# A change in behavior



## Lost30 (May 13, 2011)

After telling him to move out or go to court. We talked. He said, he will get a lie detector whether we stay together or not. Just to prove his fidelity.
I am very surprised that he is going to do this now. Maybe due to my seriousness. I do not know. But either way, I am glad that he will prove his worthiness now. I told him not to waste money, that if he cheated, admit it. He agreed that he would not waste the cash. And if we are both willing to grant more freedom/trust then maybe this relationship is survivable. But needs work either way.
IF he is being honest with me than that is the first step. I need to see to believe after all I heard through that phone call (sounded like hard core sex session to me, but he was "pretending")
We will see
-Tammy


----------



## marksaysay (Oct 15, 2010)

Lost30, I'm glad that your husband has changed his mind. This is the time for you to figure your boundaries and what you will or will not accept. I believe that reconciliation is a huge possibility with the two of you but you should not allow him to just come and go as he pleases without firm boundaries. Your marriage has it's fair share of issues, as many others do, but what you must do is have a plan as to how you can create not only a marriage that is fulfilling for you but one that meets his needs as well. 

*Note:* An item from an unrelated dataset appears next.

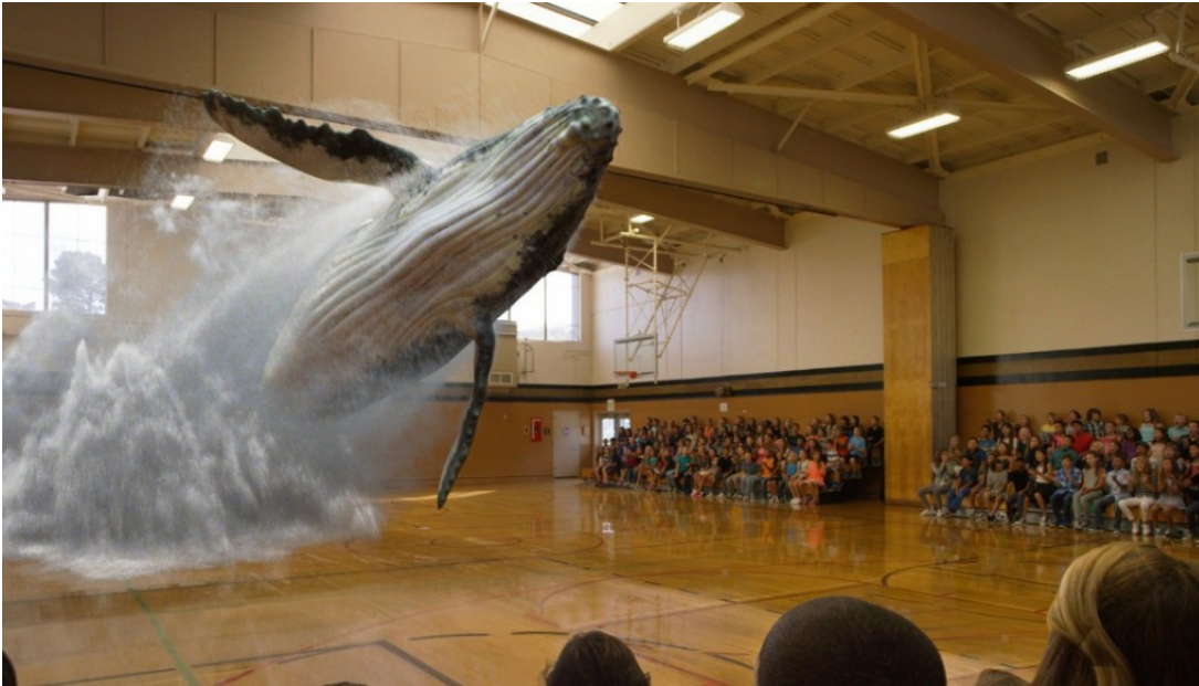
Obrázek 4.8: Magic Leap promo [126]

A great book that I would recommend would be "His Needs, Her Needs." It changed my whole outlook on marriage and helped me to see not only the errors my spouse made, but the mistakes that I made. I really think it can also help you with planning for a great future in your marriage.

I also wanted to offer a bit of advise. I notice that you have several threads going. It is much easier for me or anyone else to find you and offer advise if you stick with one thread.


----------



## Eli-Zor (Nov 14, 2010)

You must not ask for a polygraph then pull back, polygraph him. You have already fallen into the trap of giving him what he wants, has he admitted having sex? Even if he has you do not know how many other times he has done this. Polygraph and do not back down, this as the final verification on what he says, let him tell you his version of truth and then schedule the session.

BTW I agree stick to one thread your posts are all over the place.
_Posted via Mobile Device_


----------



## lordmayhem (Feb 7, 2011)

Do not let him bluff his way out of the polygraph. I've read many stories about wayward spouses cheerfully claiming they will do the polygraph only to back out once the betrayed spouse actually schedules it or once it's close to the appointment time. 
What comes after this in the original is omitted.